JT - I pretty much agree on the possibility of LQHCs essentially being a depletion reducer rather than a complete offsetter - there's just a lot of scenarios one might build, and only so much time and reader patience, and I decided to go with a "what would it take for CERA to be right?" approach in this particular post.  I'll look at what might be more realistically achievable next time.

I haven't studied thermal depolymerization much yet.

 

Or as Simmons always says - there is no silver bullet, but many, many small things that will have to come together for us to smooth out the depletion curve. Reducing wasteful consumption and increasing alternate production are the keys.
And as I posted above, there will be demand destruction--or pain--along the way.  The pain of a guy who just purchased a hummer and can no longer afford to drive it.  The pain of someone who purchased a home 60 miles out who can no longer afford to commute.  In some of these cases, there will be no satisfactory answer--or a partial answer for this person--but a reality for them will be a loss of income, a loss of future income because they chose to purchase that hummer, or to buy that overpriced house in the desert east of LA that requires non-stop air-conditioning during the hot times of the month.

Some bad decisions have been made.  Undoing them will be painful.

That's definitely true TRE. The question is how will those people channel their frustration? That's the mega political question of the 2006 / 2008 election cycle.

BTW - great post Stuart. I'm a big fan of your analyses.

That is simple: the Republicans will blame the democrats, Clinton and the liberals for the high gas prices. And they will say that the solution are more tax cuts.

They will win the elections again...

That's my nightmare. But really I hope someone points out that the republicans have controlled congress for over 10 years now and the White house for 5 years. They built up a huge deficit, lost a war in Iraq, missed 9/11, botched NOLA, pissed off most of the world and accomplished very little except accelerate sales of SUVs and suburban sprawl.
Bah....the Republicans can make worse. They can blame the democrats, Clinton, the liberals, the gays and teaching evolution at public schools as the reason there are high gas prices. And they will say that the solutions are cut taxes, social security reform, ammendment the Constitution for send gays to concentration camps and make sure no science (evolution, Hubert's Peak, Global Warming) be tauch at the public schools, you know, who need science?

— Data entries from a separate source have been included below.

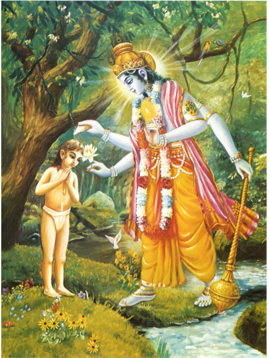
Plate 2 Dhruva Mahārāja is benedicted by the Personality of Godhead. (p. 350)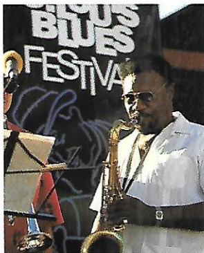
Blues Heritage Festival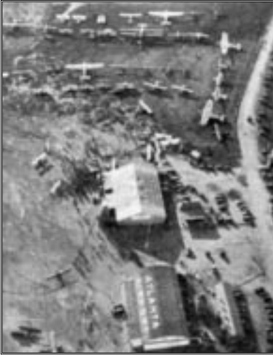
The half-way point — Atlanta.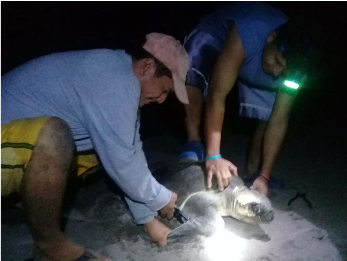
Trainings and tagging of nesting sea turtles, September 24, 2020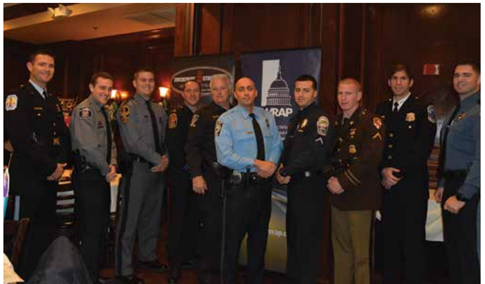
Recipients of WRAP’s 2016 Law Enforcement Award of Excellence for Impaired Driving Prevention gather at WRAP’s 19th-annual awards event in McLean, Virginia.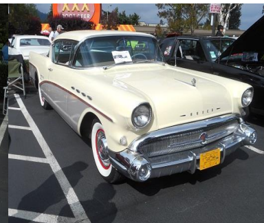
’57 Buick Roadmaster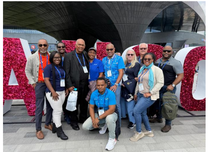
Barbados in the house!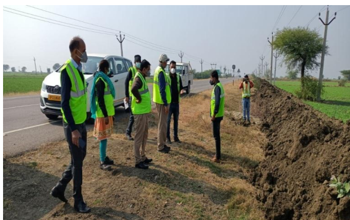
UPG-02: TL & DTL Site Visit on 10.12.2021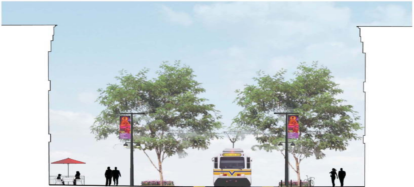
K Street Streetscape (Artist's Rendition)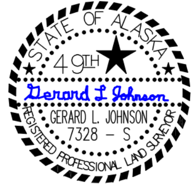
VICINITY MAP 1" = 1 mile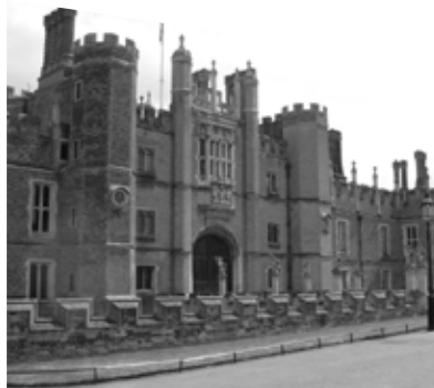
King James' decision to authorize a new English translation of the Bible was made at a Conference at Hampton Court in 1604.

James was not sympathetic to the Puritans' requests, except when Puritan John Reynolds suggested a new English translation of the Bible was needed. King James thoroughly approved and commissioned a new English translation of the Bible.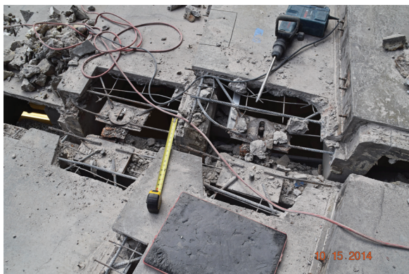
Fig. 8: Typical Precast Joint Repairs—Water leaking through building expansion joint between precast seating sections was absorbed by mineral wool fireproofing in the joint, resulting in severe deterioration. Large steel plates are seismic restraints.

This project consists of over $16,000,000 in repairs performed to the most severely deteriorated portions at Chase Field over the last 6 years. Although repairs were performed during the baseball off-season (October-March), each year events that occur during the construction schedule that required the work be completed/put back together/cleaned-up for the event, only to be torn apart the next day, resulting in mini-phases which had to be completed prior to the event. Repairs are anticipated to continue in upcoming years. ■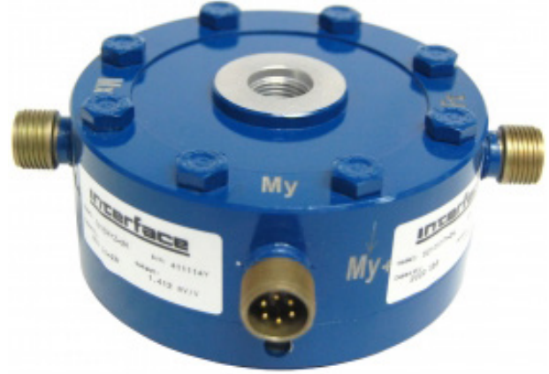
Model 5200 (shown)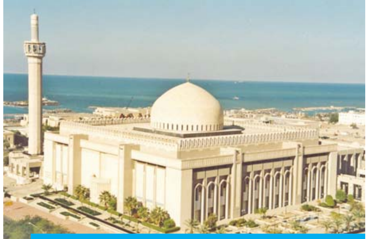
The Grand Mosque.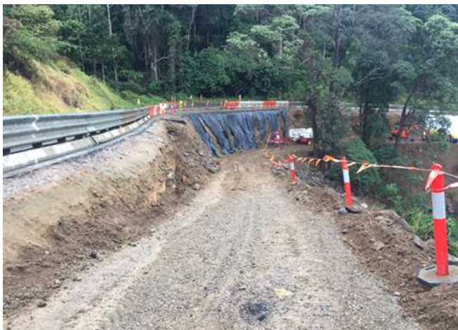
Excavation for Wall G2 commenced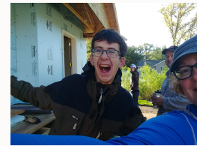
Working at Habitat for Humanity Fall 2018

Our community participation includes activities that reinforce citizenship, services and healthy recreation choices. New Frontier students join with students from other programs in the area for events and have opportunities for leisure and recreational activities. Students spend time orienting to services in the community that will be useful as independent adults.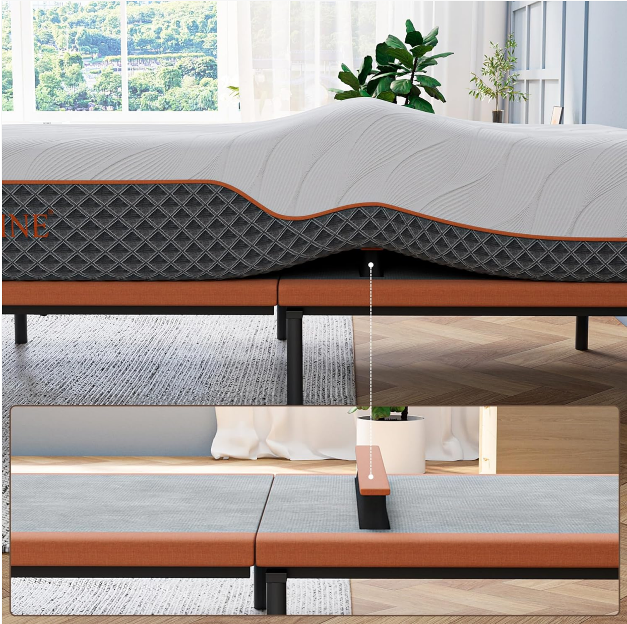
Figure 4: Adjustable Bed Frame Components. This image illustrates the mattress retention bar and the adjustable legs, showing how they integrate with the bed frame for stability and customization.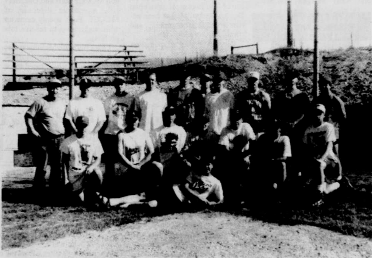
Heppner Mustang team, district champs

Heppner High School's baseball team will give the hometown fans a chance to see its district-champion skills, in action when it squares off against Elgin this Friday at 4:30 p.m. at home.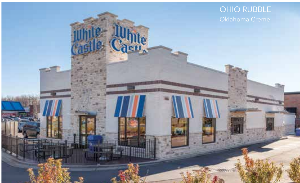
OHIO RUBBLE Oklahoma Crème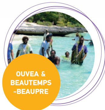
OUEVA & BEAUTEMPS -BEAUPRE

Disposal of long-standing stocks of disused vehicles – support to Popwadene Association for implementing the Poindimie integrated-management plan.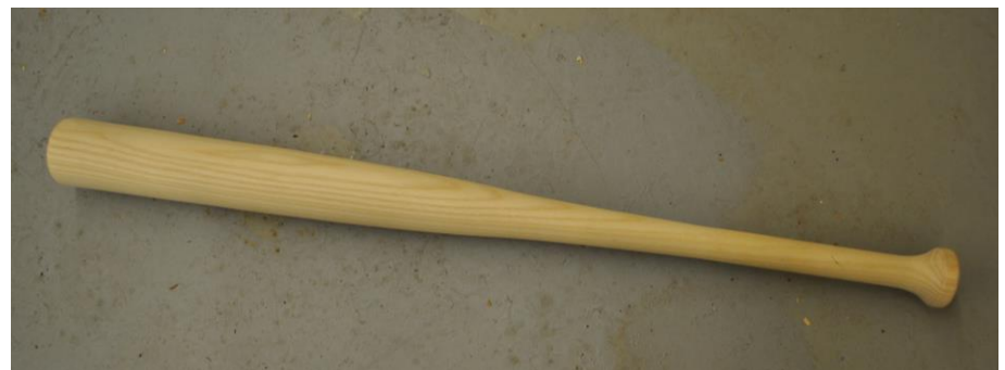
Dwight Herrick brought this Ash baseball bat for Show & Tell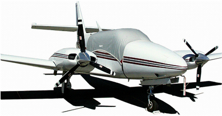
Cessna Crusader Standard Canopy Cover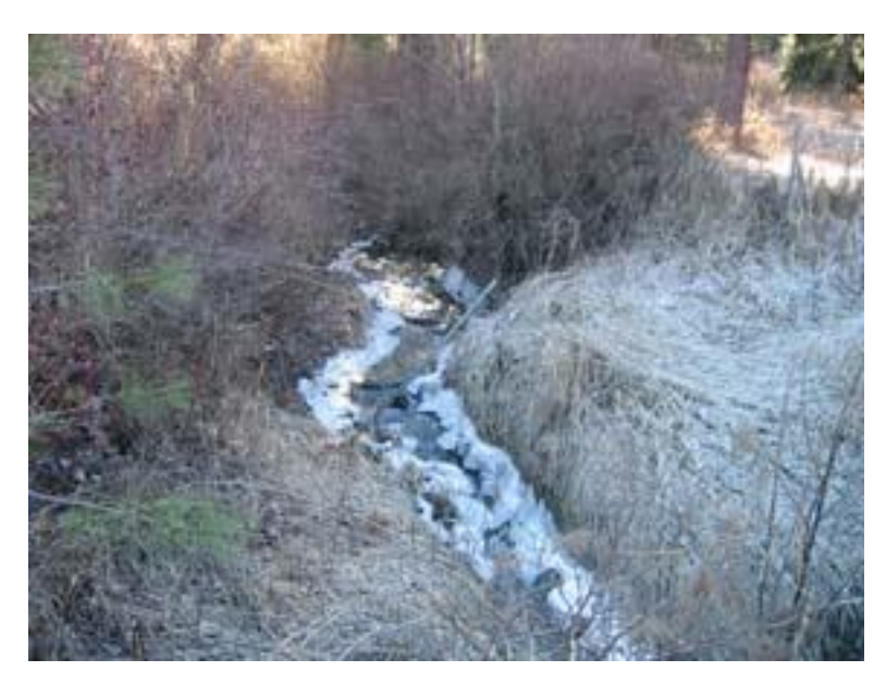
Figure 52: Dishman/Mica Road. Looking upstream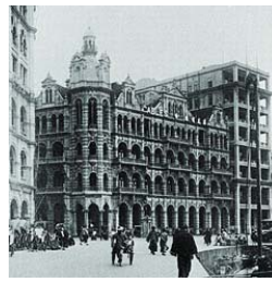
Figure -4: Former General Post Office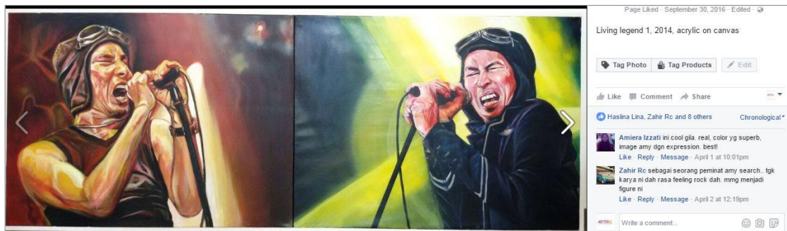
Figure 2: Facebook Post, Living Legend 1 (2014), by Nur Fasihah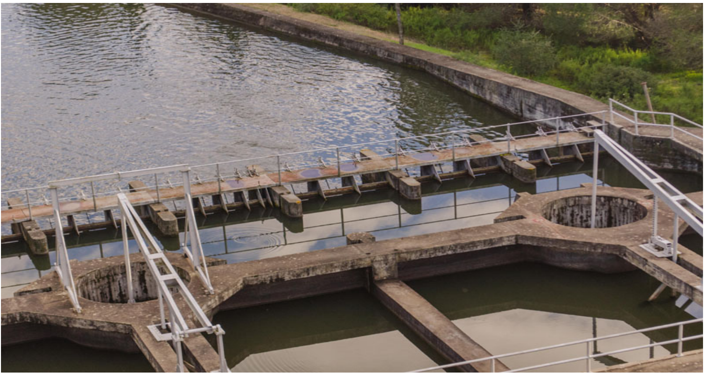
Albufeira de Odivelas (Reservoir) Segregation of Flows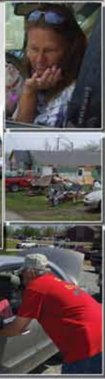
Survivors talk with staff of God's Pit Crew about one of the tornadoes that came through Mena.

The American Bible Society sent Bibles for distribution to the tornado survivors in Mena, AR. Good reports continue to come in about the calming effects of those scriptures.

And the american public will give the victory to these guys because, you know, they are macho and USA need fight "the terrorists"...

What saddens me most is that a Brazilian (or Portuguese) understands the US better than the majority of those who liver here.

There was a story on public radio about Hummers in Paris.  With gas at 7$/gallon, it costs about $250 to fill the tank.  If you used this as a daily driver, and filled once a week, you are looking at $13,000/Yr.  There will always be people rich enough to do this, of course.  They claimed that sales were still strong - I guess that says something about the demographic that is buying the things.  Ultimately the demand for those things will have to collapse though.
Recession would certainly 'help'.
http://www.sustainableliving.info/fading_of_the_oil_economy_recession_overview.htm

But as in the above rather 'market forces' piece, Hubbert foresaw the implications -
"Our window of opportunity is slowly closing... at the same time, it probably requires a spiral of adversity. In   other words, things have to get worse before they can get better. The most important thing is to get a clear   picture of the situation we're in, and the outlook for the future - exhaustion of oil and gas, that kind of thing -  and an appraisal of where we are and what the time scale is. And the time scale is not centuries, it is decades."

Sadly, no-one listened, it is no longer decades.

The bottom line is that there is no alternative for cheap energy, and adapting to high cost eneergy will bring massive unemplyment and social dislocation. Highly unpalatable. Likely to be true. No escape.